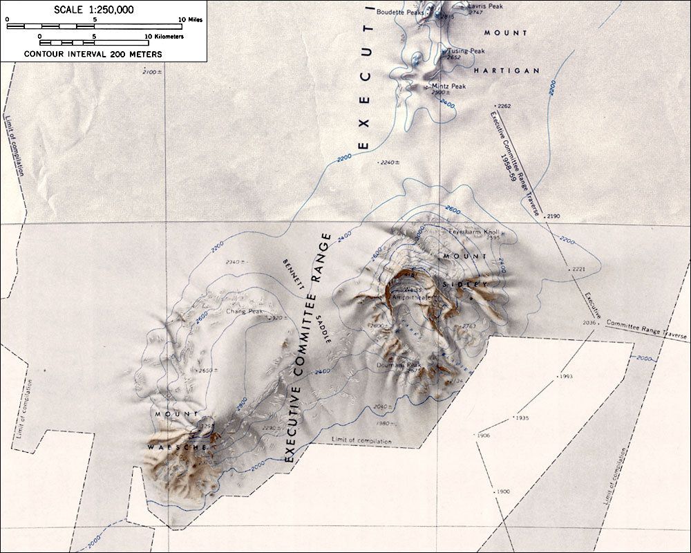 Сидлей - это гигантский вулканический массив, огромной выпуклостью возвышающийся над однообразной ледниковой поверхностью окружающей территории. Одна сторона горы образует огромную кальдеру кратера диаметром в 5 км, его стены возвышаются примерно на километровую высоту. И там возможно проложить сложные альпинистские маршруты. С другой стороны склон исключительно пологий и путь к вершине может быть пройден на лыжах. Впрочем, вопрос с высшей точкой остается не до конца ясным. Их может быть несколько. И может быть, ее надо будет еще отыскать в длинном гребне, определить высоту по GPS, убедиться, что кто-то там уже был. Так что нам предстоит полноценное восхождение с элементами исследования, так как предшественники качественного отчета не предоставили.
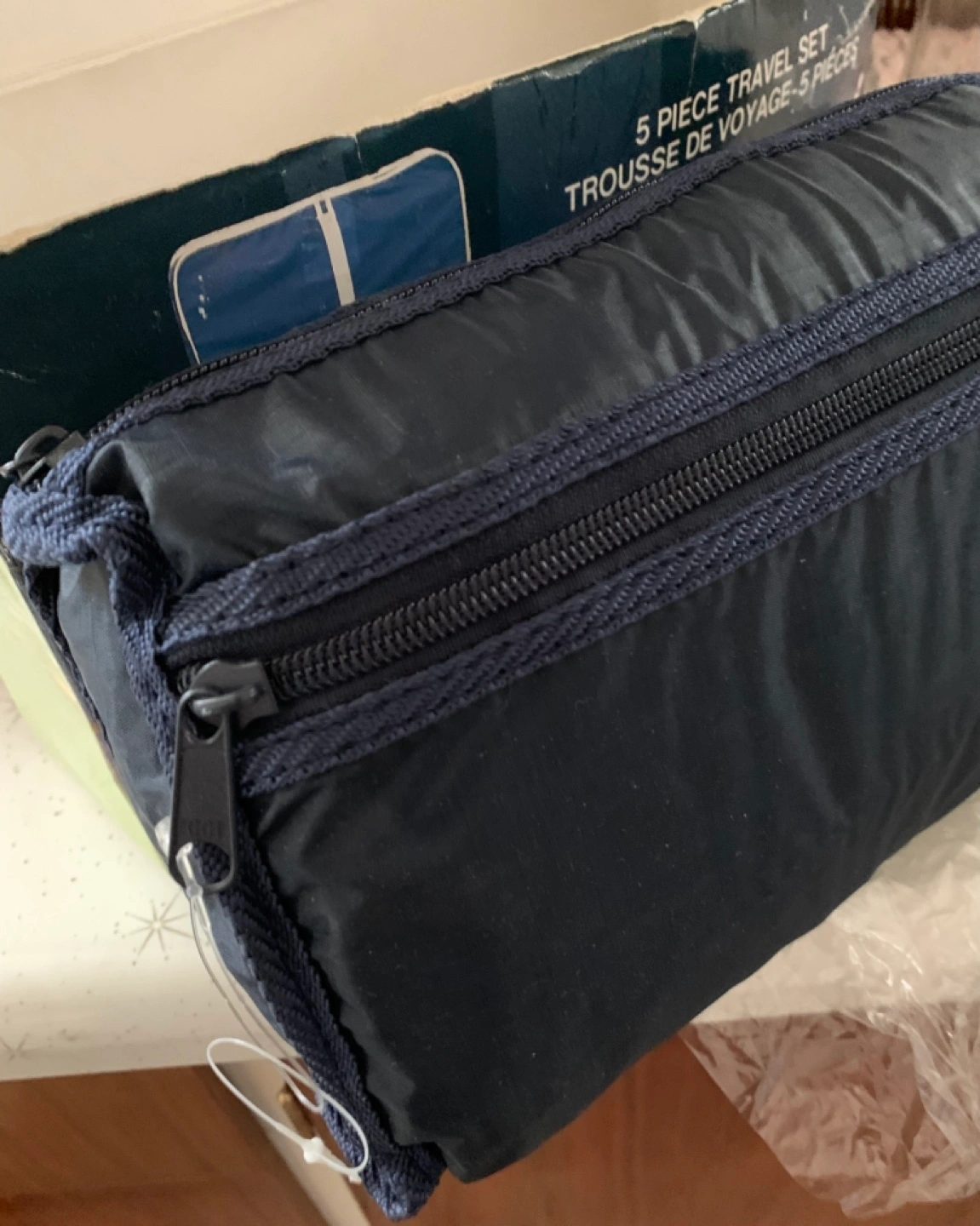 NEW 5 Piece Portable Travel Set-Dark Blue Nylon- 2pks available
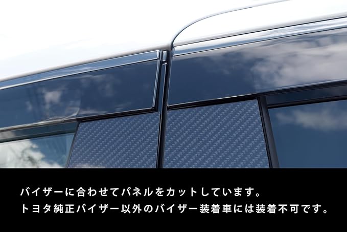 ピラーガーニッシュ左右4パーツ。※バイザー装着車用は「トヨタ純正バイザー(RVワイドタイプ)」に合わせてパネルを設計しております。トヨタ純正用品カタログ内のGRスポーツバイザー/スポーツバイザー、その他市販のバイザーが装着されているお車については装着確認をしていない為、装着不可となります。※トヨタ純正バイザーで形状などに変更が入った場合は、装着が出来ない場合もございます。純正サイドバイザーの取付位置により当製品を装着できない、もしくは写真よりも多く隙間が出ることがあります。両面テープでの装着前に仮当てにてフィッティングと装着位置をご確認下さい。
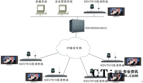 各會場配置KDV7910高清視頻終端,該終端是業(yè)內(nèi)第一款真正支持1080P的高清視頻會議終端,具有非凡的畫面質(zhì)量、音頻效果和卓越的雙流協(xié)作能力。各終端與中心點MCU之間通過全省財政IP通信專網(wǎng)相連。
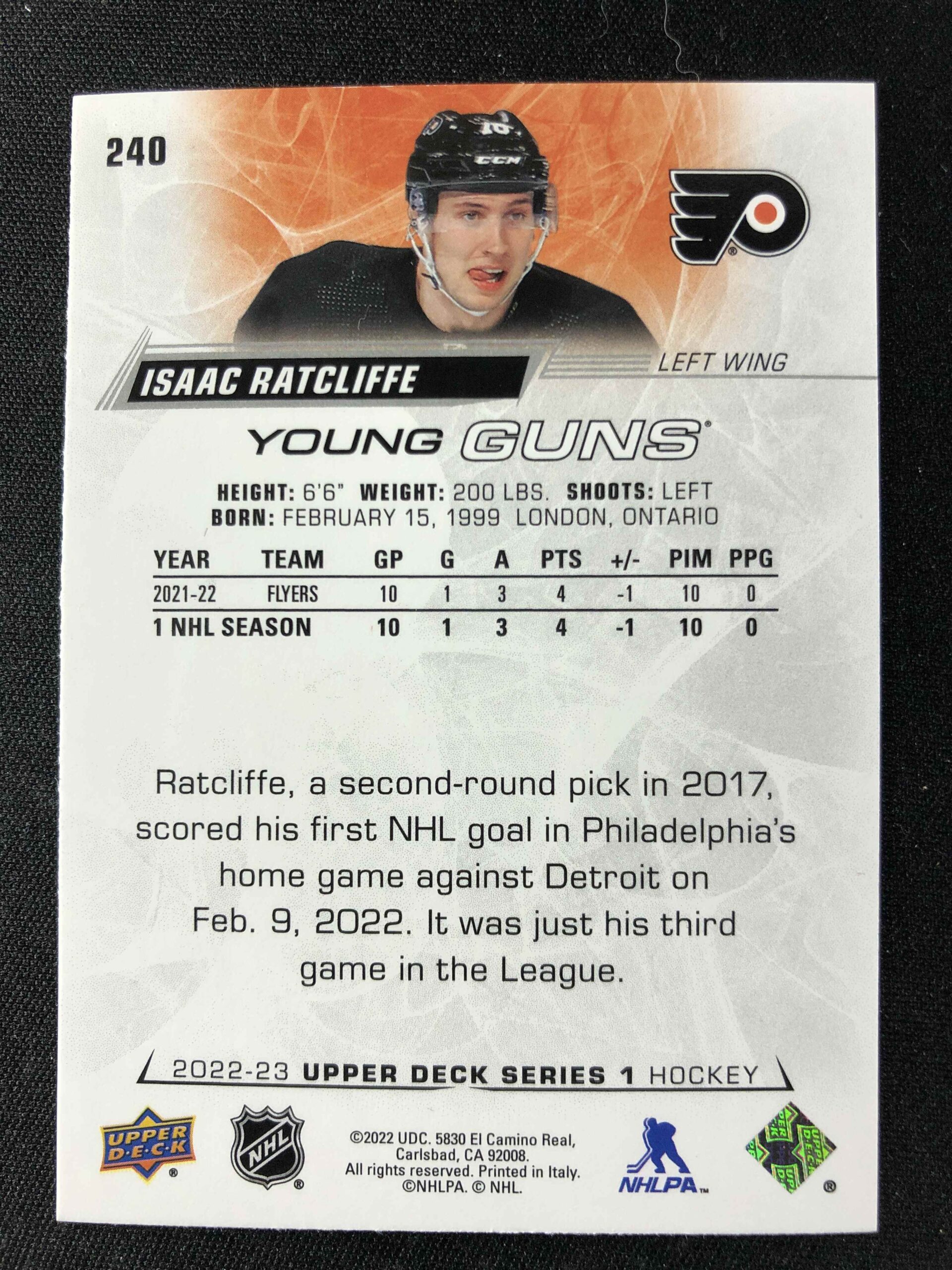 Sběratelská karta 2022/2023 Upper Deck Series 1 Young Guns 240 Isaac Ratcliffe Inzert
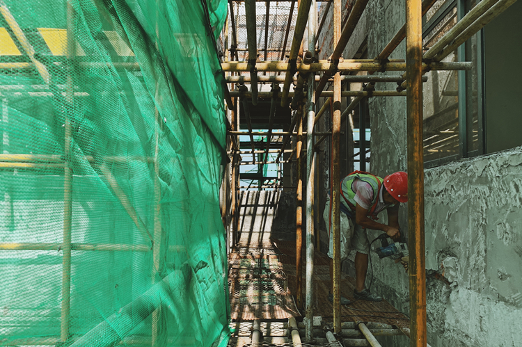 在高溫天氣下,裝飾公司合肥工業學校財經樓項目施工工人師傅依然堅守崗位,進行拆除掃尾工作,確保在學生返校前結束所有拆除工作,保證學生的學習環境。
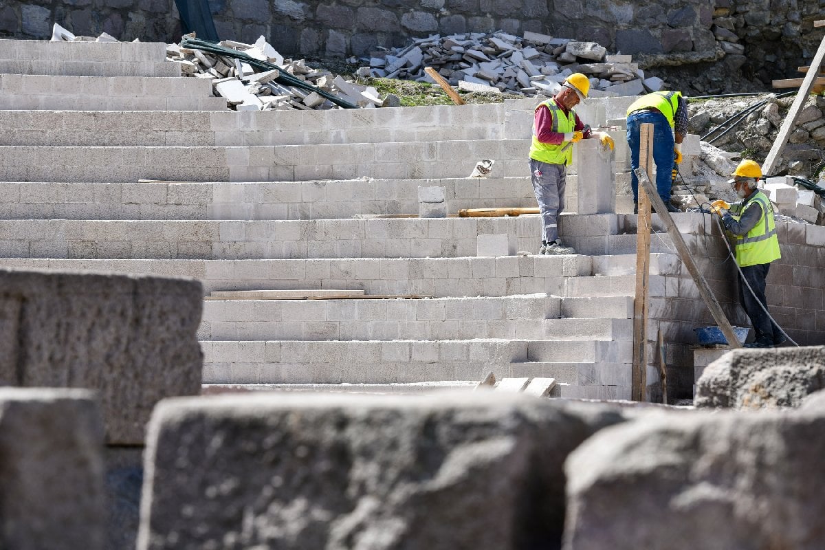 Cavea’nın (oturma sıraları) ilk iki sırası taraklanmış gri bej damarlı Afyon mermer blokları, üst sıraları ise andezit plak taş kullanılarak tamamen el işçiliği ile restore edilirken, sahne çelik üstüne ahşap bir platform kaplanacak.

> TRY IT: Set the entries down exactly, but not the pictures.

> RESULT OF THE TASK:
 Сидлей - это гигантский вулканический массив, огромной выпуклостью возвышающийся над однообразной ледниковой поверхностью окружающей территории. Одна сторона горы образует огромную кальдеру кратера диаметром в 5 км, его стены возвышаются примерно на километровую высоту. И там возможно проложить сложные альпинистские маршруты. С другой стороны склон исключительно пологий и путь к вершине может быть пройден на лыжах. Впрочем, вопрос с высшей точкой остается не до конца ясным. Их может быть несколько. И может быть, ее надо будет еще отыскать в длинном гребне, определить высоту по GPS, убедиться, что кто-то там уже был. Так что нам предстоит полноценное восхождение с элементами исследования, так как предшественники качественного отчета не предоставили.
 NEW 5 Piece Portable Travel Set-Dark Blue Nylon- 2pks available
 ピラーガーニッシュ左右4パーツ。※バイザー装着車用は「トヨタ純正バイザー(RVワイドタイプ)」に合わせてパネルを設計しております。トヨタ純正用品カタログ内のGRスポーツバイザー/スポーツバイザー、その他市販のバイザーが装着されているお車については装着確認をしていない為、装着不可となります。※トヨタ純正バイザーで形状などに変更が入った場合は、装着が出来ない場合もございます。純正サイドバイザーの取付位置により当製品を装着できない、もしくは写真よりも多く隙間が出ることがあります。両面テープでの装着前に仮当てにてフィッティングと装着位置をご確認下さい。
 各會場配置KDV7910高清視頻終端,該終端是業(yè)內(nèi)第一款真正支持1080P的高清視頻會議終端,具有非凡的畫面質(zhì)量、音頻效果和卓越的雙流協(xié)作能力。各終端與中心點MCU之間通過全省財政IP通信專網(wǎng)相連。
 Sběratelská karta 2022/2023 Upper Deck Series 1 Young Guns 240 Isaac Ratcliffe Inzert
 在高溫天氣下,裝飾公司合肥工業學校財經樓項目施工工人師傅依然堅守崗位,進行拆除掃尾工作,確保在學生返校前結束所有拆除工作,保證學生的學習環境。
 Cavea’nın (oturma sıraları) ilk iki sırası taraklanmış gri bej damarlı Afyon mermer blokları, üst sıraları ise andezit plak taş kullanılarak tamamen el işçiliği ile restore edilirken, sahne çelik üstüne ahşap bir platform kaplanacak.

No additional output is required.